The response must be the exact lines from the line holding "În decembrie 2025" through the end of the entries, with no pictures and nothing else.

- **Source records**
=-=-=-=-=

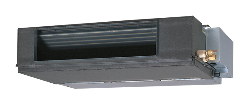 Միջին ճնշման ալիքային տեսակի ինվերտորային սպլիտ համակարգերը համալրված են ներկառուցված ջրահեռացման պոմպով եւ նուրբ մաքրման օդի ֆիլտրերով: Բարձր էներգաարդյունավետությունը եւ արդյունաբերության ճկուն ինքնակարգավորումը ապահովվում են կոմպրեսորների եւ արտաքին ու ներքին բլոկների հովհարիչների ինվերտորային կառավարման միջոցով: Կոմպակտ չափսերի եւ ինչպես հորիզոնական այնպես էլ ուղղահայաց տեղադրման հնարավորության շնորհիվ, ներքին բլոկները կարելի է հեշտությամբ թաքցնել առաստաղի ետեւամասի տարածքում կամ պատի խորացված մասում: Հովհարիչի ճնշումը կարգավորելու, 0-ից մինչեւ 90 Պա, լայն հնարավորությունները թույլ են տալիս միացնել մեծ տարածականության օդի տեղափոխիչներ: Գերբարակ եւ հանգիստ ալիքային օդորակիչները հարմար են ինչպես բնակելի, այնպես էլ գրասենյակային տարածքների օդորակման համար:
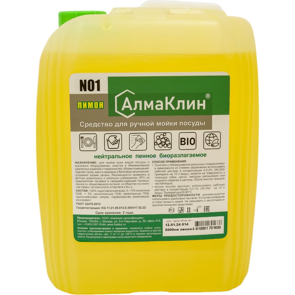 Нейтральное моющее средство для посуды ООО "БАЗОВАЯ ДЕЗИНФЕКЦИЯ" АлмаКлин N1, лимон, 5 л, евро канистра N1-ЛИМ-5Л для мойки всех видов посуды и кухонного оборудования, очистки и обезжиривания различных изделий и поверхностей, уборки помещений. Удаляет грязь, масло-жировые и белковые загрязнения, устраняет резкие запахи. Рекомендуется применять в детских школьных и дошкольных учреждениях, ЛПУ, на предприятиях пищевой и перерабатывающей промышленности, общественного питания, транспорта, в гостиничном хозяйстве, на транспорте, торговле и в быту.
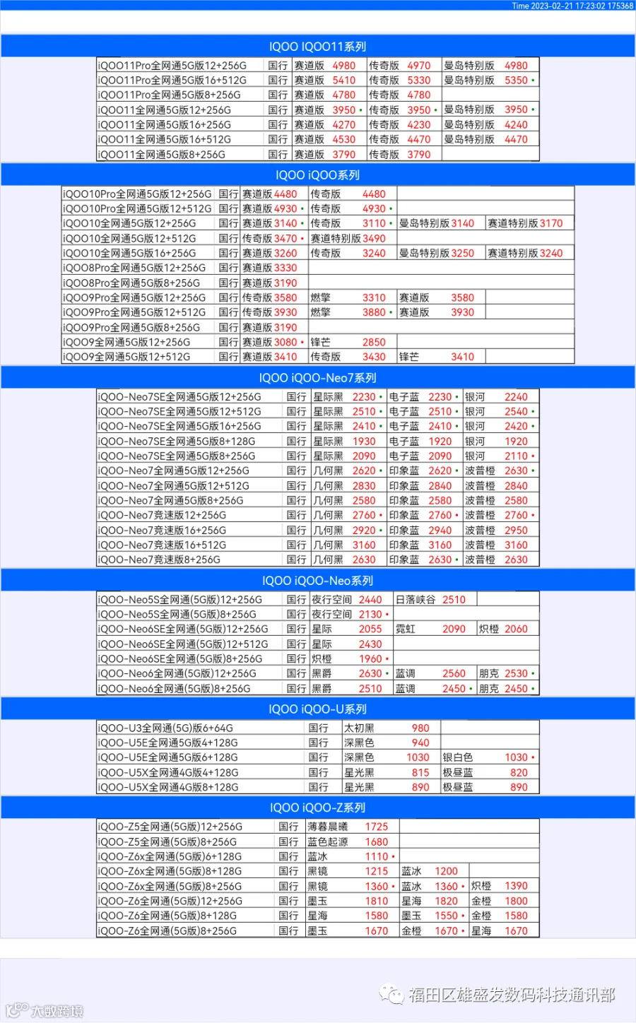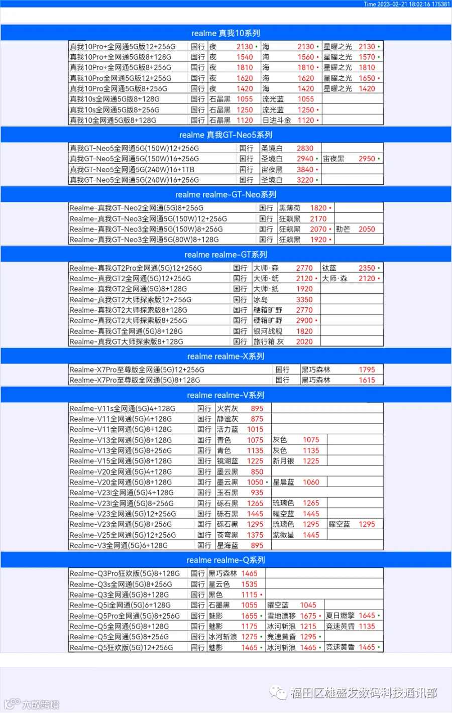 新机报价【2023年2月21日】OPPO VIVO IQOO 一加 真我
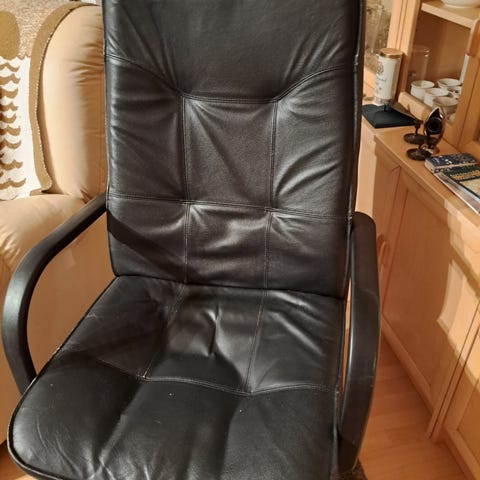Uudenveroinen muovinen musta työtuoli. Istuimen leveys 45 cm syvyys 40 cm, selkänojan korkeus 36 cm. Korkeussäätö 42-54 cm. Nouto Turusta tai toimitus omien menojen mukaan.
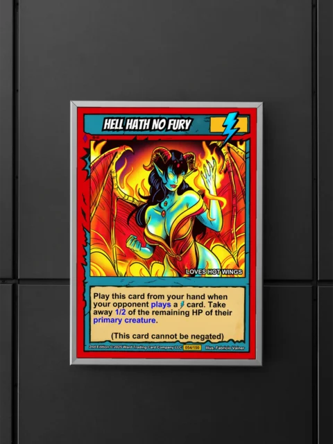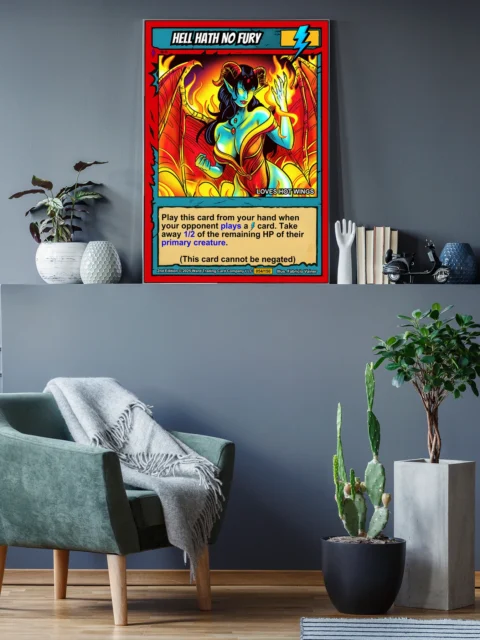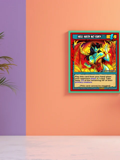 At display scale, vibrant flat colors and heavy black outlines create instant visual impact. The lightning bolt energy symbol and ‘LOVES HOT WINGS’ subtitle add playful character. This hell hath no fury trading card canvas print transforms any wall into a collector’s showcase.
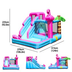Med sjove flamingo-detaljer, rutsjebane og masser af plads til leg er den det perfekte midtpunkt til sommerfester, fødselsdage og legeaftaler.
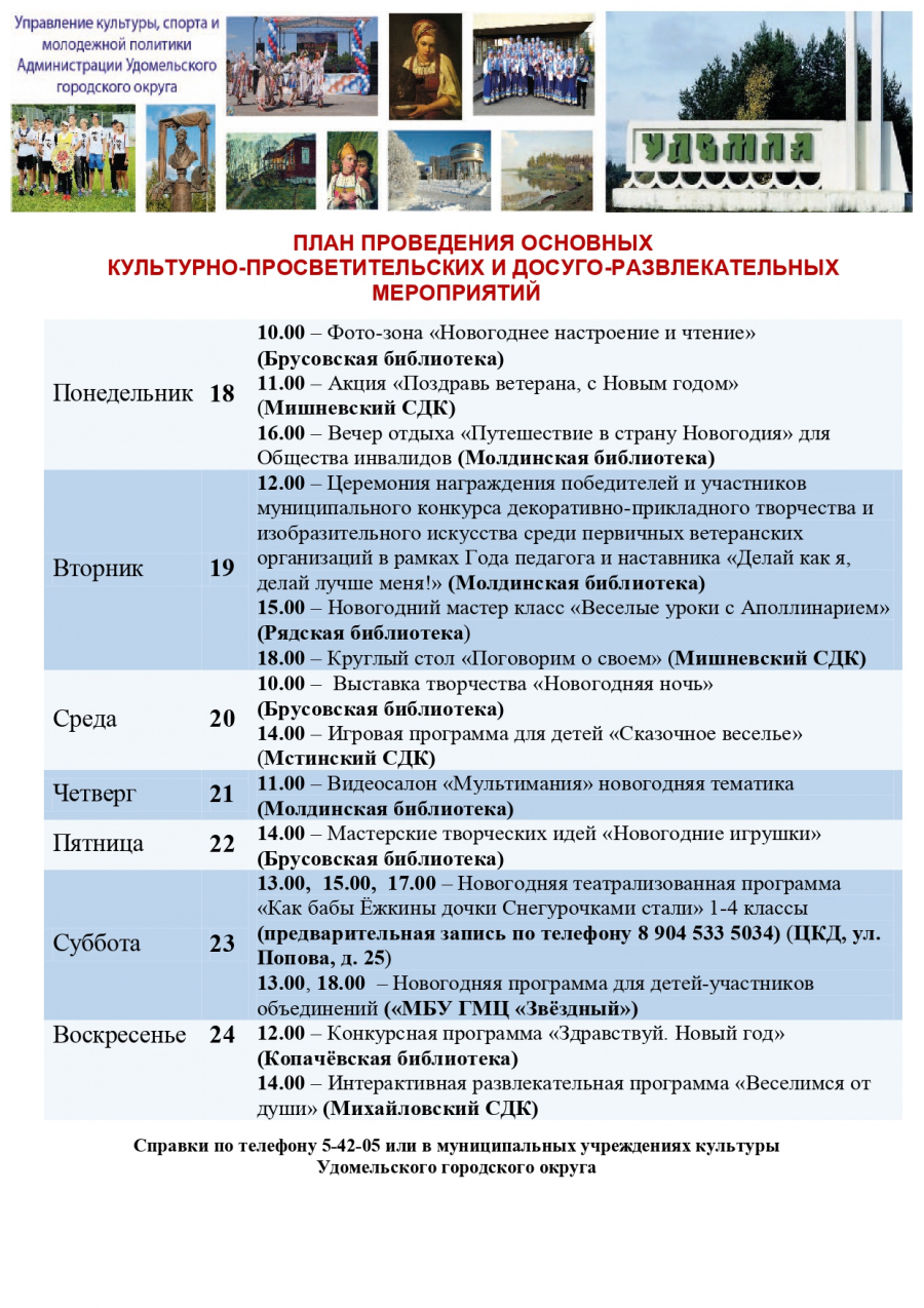 Культурно-просветительские и досуговые мероприятия в Удомельском городском округе на период с 18 по 24 декабря 2023 года
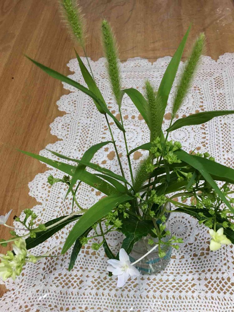 我が家の猫ちゃん🐱の遊び相手にと、散歩の途中に摘んで帰った草を一時的に紫陽花の花瓶に。
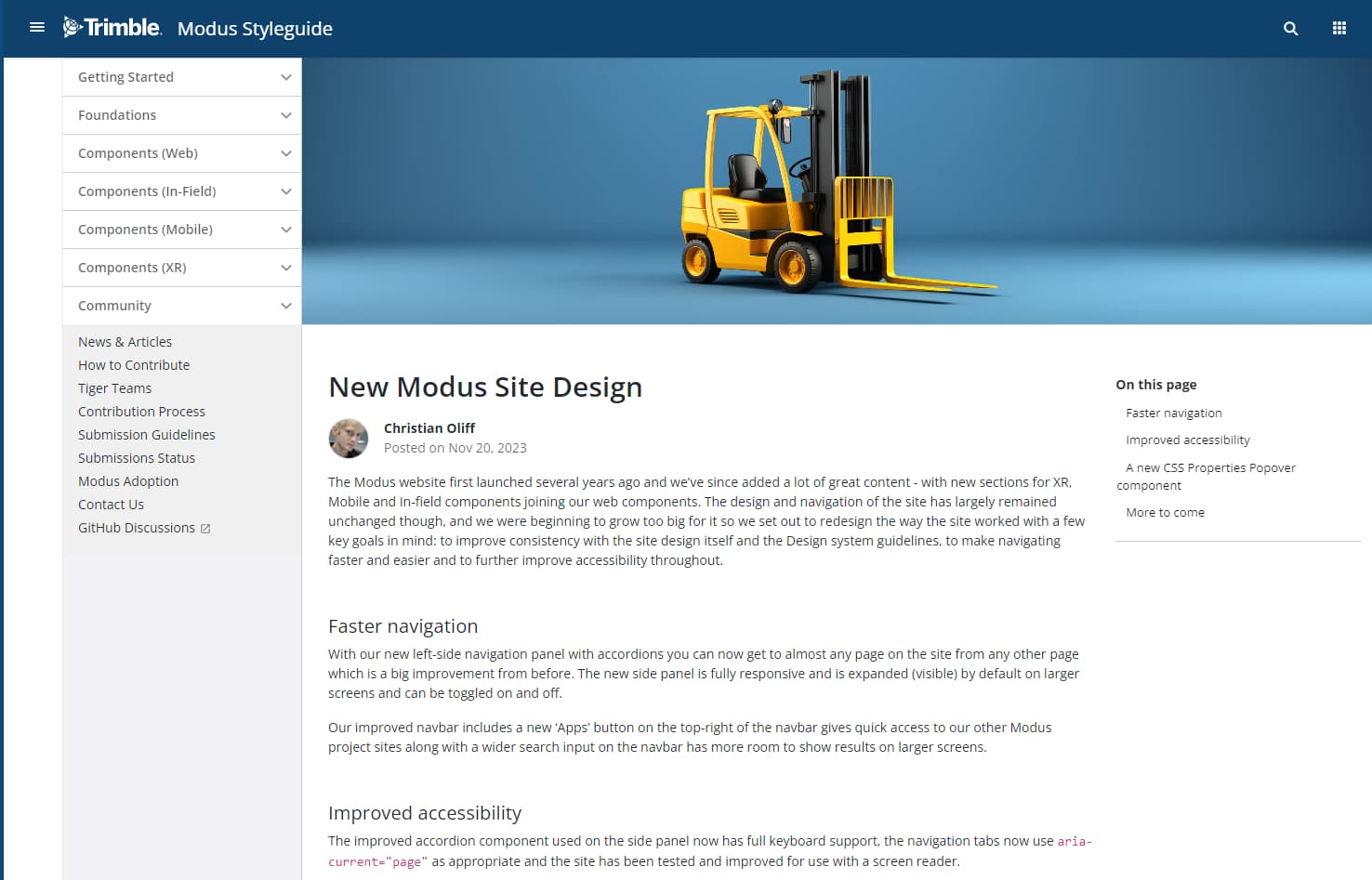 The Modus website first launched several years ago and we’ve since added a lot of great content - with new sections for XR, Mobile and In-field components joining our web components. The design and navigation of the site has largely remained unchanged though, and we were beginning to grow too big for it so we set out to redesign the way the site worked with a few key goals in mind: to improve consistency with the site design itself and the Design system guidelines, to make navigating faster and easier and to further improve accessibility throughout.
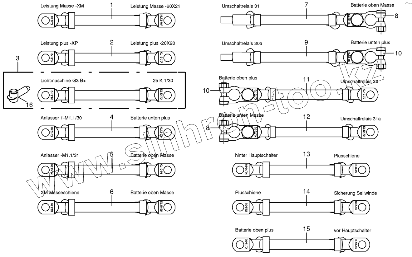 Каталог запасных частей к технике: KRONE BIG-X-500. Battery and ground cable
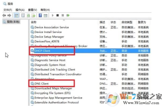 2、在服务列表右侧找到“DHCP Client”和“DNS Client”这两项,双击打开 检查下它们的启动类型是否为“自动” ,若不是将其修改为“自动”,然后点【应用】-【启动】-【确定】即可;
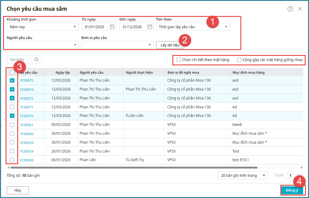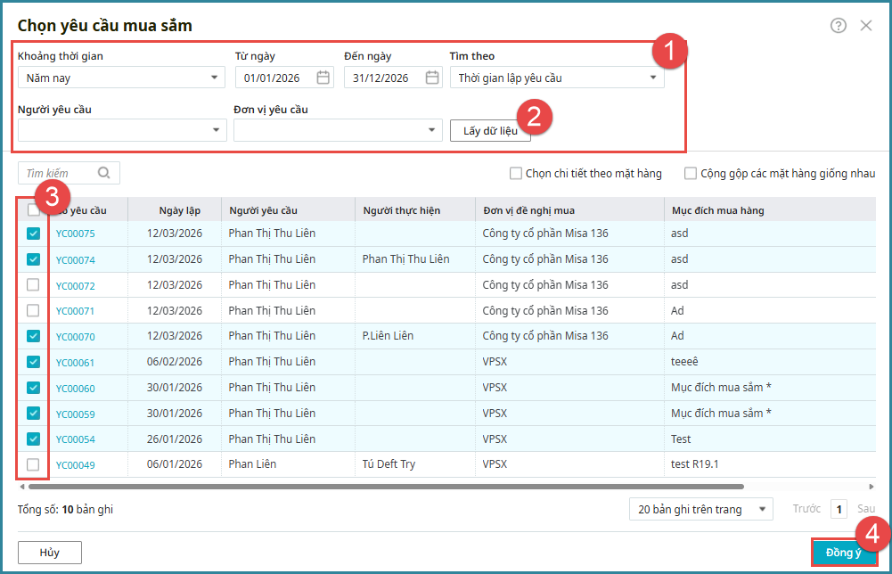 Bước 2: Thiết lập điều kiện để tìm kiếm yêu cầu mua sắm:
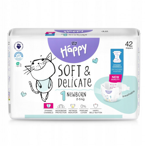 Detské plienky Bella Baby Happy Soft & Delicate Newborn (1) sú jemné jednorazové plienky určené pre novorodencov s hmotnosťou 2–5 kg. Sú navrhnuté tak, aby poskytovali maximálne pohodlie a ochranu cit..
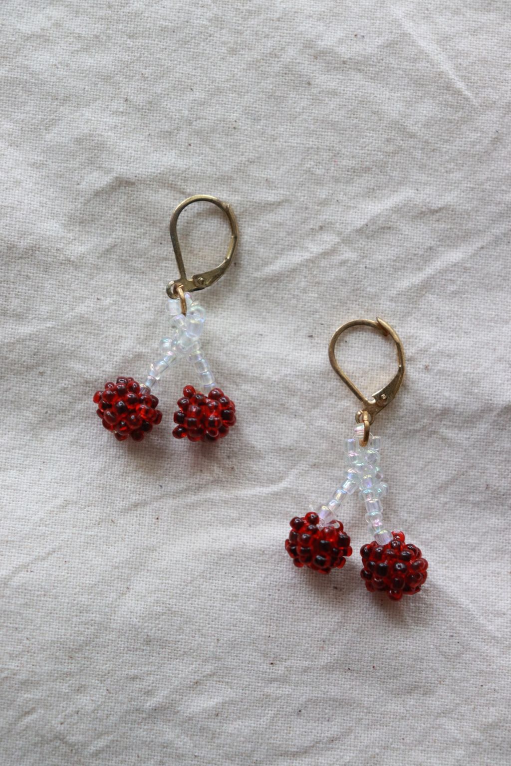 These beaded fruits earrings are handcrafted by the women in the Afghan refugee community.
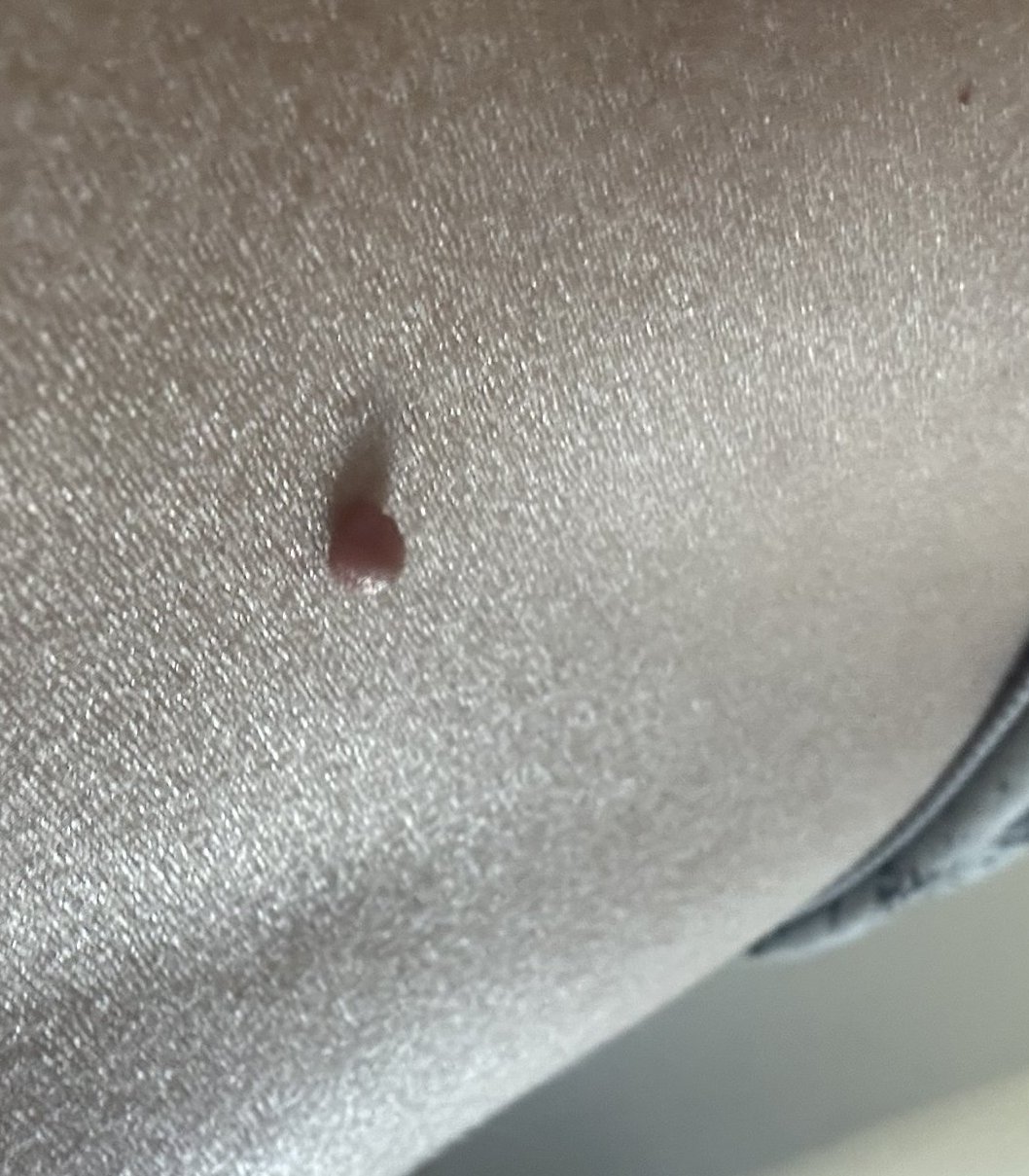 На мен по скоро ми прилича на ангиом, едно като балонче пълно с кръв. Ако е такова, не е нещо лошо.
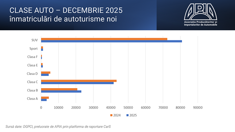 În decembrie 2025 s-au înmatriculat 21.203 unități, în creștere cu +58,4% față de decembrie 2024. La nivel anual, autoturismele au totalizat 155.855 unități, înregistrând un avans de +4,7%, peste nivelul prognozat.
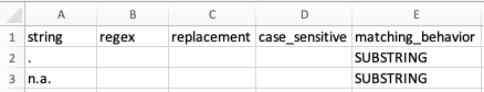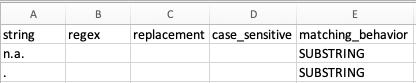 matching_behavior - Identify the type of string or substring to match for replacement. If the column is not included in the file, the default matching behavior is SUBSTRING.
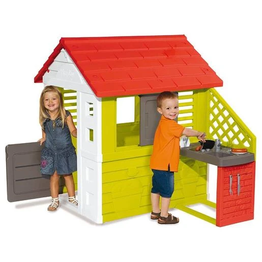 Smoby – Casita infantil Nature II,casa infantil con cocinita al exterior.

=-=-=-=-=

- **ANSWER**
 În decembrie 2025 s-au înmatriculat 21.203 unități, în creștere cu +58,4% față de decembrie 2024. La nivel anual, autoturismele au totalizat 155.855 unități, înregistrând un avans de +4,7%, peste nivelul prognozat.
 matching_behavior - Identify the type of string or substring to match for replacement. If the column is not included in the file, the default matching behavior is SUBSTRING.
 Smoby – Casita infantil Nature II,casa infantil con cocinita al exterior.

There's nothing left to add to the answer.